In some embodiments of the invention, an electrical generator is provided to convert a portion of the motion of the bag compression into electrical energy and supply the electrical energy to a conventional storage battery. A linear alternator may be employed as an electrical generator without departing from the scope of the invention, the alternator converting a portion of linear motion of the inflatable bag into electrical energy. In other aspects of the invention a piezoelectric material or a rotary alternator may be used as an electrical generator to convert the bag motion into usable electrical power without departing from the scope of the invention.

In various embodiments of the invention a processor or controller having concomitant data memory forms a part of the invention, the processor having a plurality of inputs for receiving signals and outputs for supplying signals to components of the invention. According to one aspect of the invention the processor accepts data from the flow and pressure sensors, stores the data for further use, analyzes the data based upon predetermined criteria and activates outputs to the lights and/or speaker of the instant invention to provide feedback to a user regarding the operation of the BVM device.

In further embodiments of the invention, a wireless transmitter is operably coupled to the processor to provide transmission of data being gathered and stored by the processor to other wireless capable devices, such as smartphones, tablet computers, or other wireless enabled devices. In some aspects of the invention the processor may provide a wired data output that may be operably coupled to the input of another device for storage, viewing, or further processing.

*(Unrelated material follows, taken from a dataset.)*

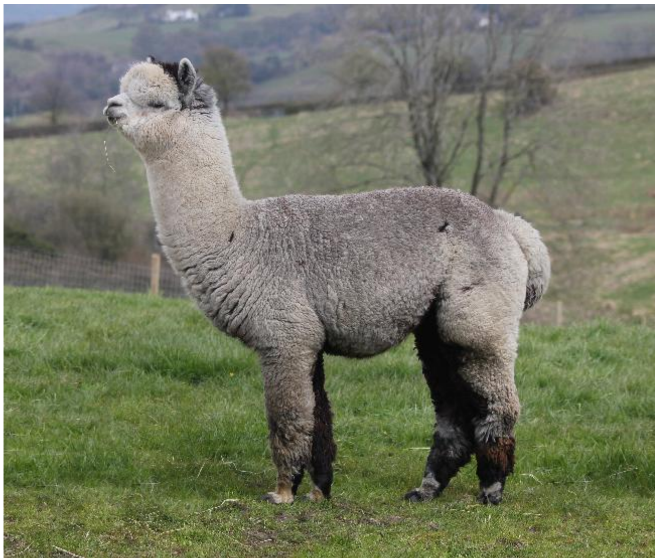
Inca Grey Magellan

In various alternative embodiments of the invention a user interface operably coupled to the controller may be provided to enable a user to interact with the BVM device to provide physical characteristics of the patient and otherwise configure the operation of the BVM device to produce a desired feedback system or a desired data output. A user interface may encompass any known user interface such as a touch sensitive display, or a simple LCD or LED display and a pushbutton(s).

In various embodiments of the invention the speaker may provide an audible metronomic pulse to the user to assist in timing the compressions of the bag. The

metronomic pulse in various aspects of the invention may be customized to provide a predetermined periodic pulse based upon physical characteristics of the patient supplied through the user interface.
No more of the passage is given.